In this blog post, we examine and compare two popular methods of deploying the TensorFlow framework for deep learning training. We deployed TensorFlow GPU from a docker container, and compared it to a natively installed, compiled from source version. We ran the “tf_cnn_benchmarks: High performance benchmarks” found here in the TensorFlow github. The tests were conducted to show performance of both deployments one by one, side by side, with the same parameters and settings. While these results may seem obvious to those familiar with using docker, these tests on our dual GPU workstation definitively dispel any notions in the of lack of performance of Docker for deep learning. Furthermore, we examine the benefits of using Docker in a deep learning environment on an Exxact workstation, and show that there are many advantages for researchers and developers using containerization.

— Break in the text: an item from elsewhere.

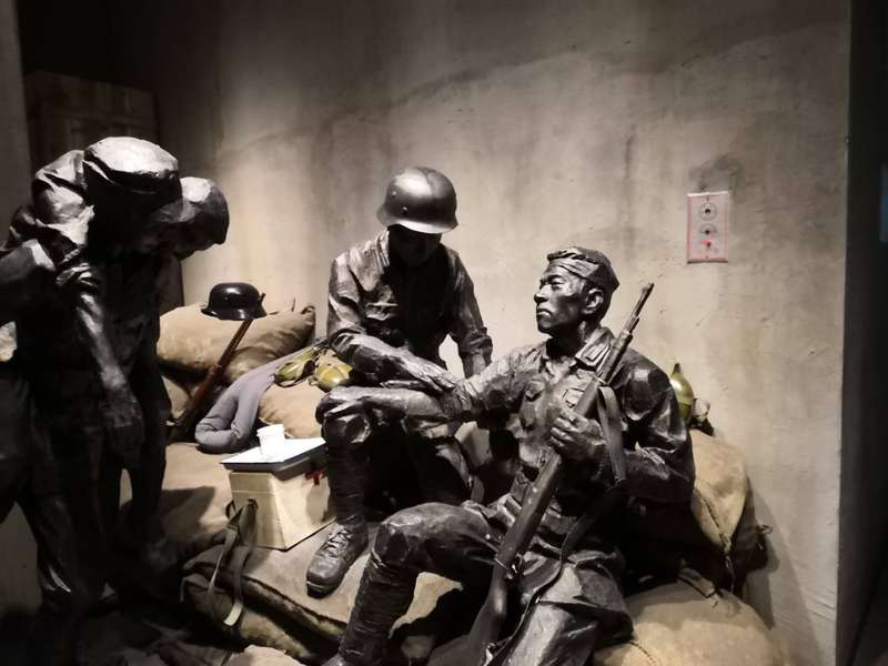 之后,团员们前往了四行仓库抗战纪念馆。纪念馆大门入口处保留了原四行仓库的铁门,斑斑銹迹。进入馆内,大家便看到以一封谢晋元在赴淞沪战场前写给妻子凌维诚的家书,展现了以谢晋元为首的“八百壮士”在国难当前之际,舍家为国的情怀。先烈们用他们的血肉之躯换来了如今安定生活,我们要牢记侵略,勿忘历史,珍视和平,向英雄致敬。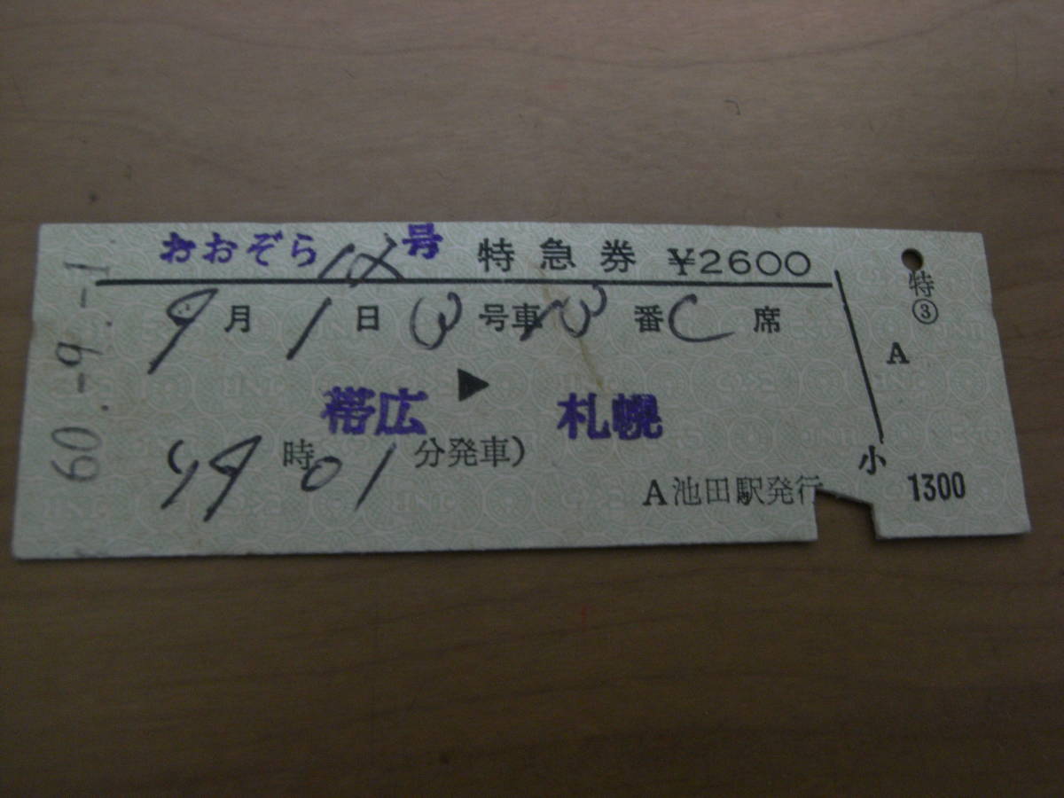 - おおぞら12号 特急券 帯広→札幌 昭和60年9月1日発行 池田駅発行

Performance Snapshot TensorFlow GPU Docker vs Install From Source

We used the popular neural network models: ResNet 50, InceptionV3, VGG16, and AlexNet with synthetic data, one by one, and compared the results.  All batch sizes are 64 unless otherwise noted.

(note: if you just want to see the performance numbers, and not interested in hearing about Docker, feel free to scroll to the 2nd half of this post) 

nn model Mode GPUs Images/sec
ResNet 50 Docker 1 296.10
2 548.22
Native 1 298.34
2 552.96
InceptionV3 Docker 1 195.18
2 356.10
Native 1 196.16
2 364.85
*VGG16 Docker 1 168.83
2 229.34
Native 1 169.17
2 228.70
**Alexnet Docker 1 3870.39
2 6387.21
Native 1 3856.36
2 6455.11

*VGG16 ran at batch size 32 due to memory errors.

**Alexnet ran at batch size 512 due to poor performance at batch size 64 (see video below for initial run at batch size 64).

Video Capture of Side by Side Comparison

OK, so performance is on par, but WHY should I consider Docker for deep learning?

To put it simply, you escape dependency hell. Having multiple deep learning frameworks or multiple versions of frameworks coexist and function properly on a single machine is extremely complex, and is a sure way to drive yourself insane. While this post focuses on TensorFlow, we do recognize that many modern deep learning researchers do not rely on just one framework. Having ready-to-go containers for each framework allows flexibility for experimentation, without having to worry about mucking up your current environment. The frameworks are completely self-contained. Something not working correctly? Simply wipe the entire container and start over, perform a “docker run” command and 30 seconds later, you have the entire container, a fresh environment ready to go.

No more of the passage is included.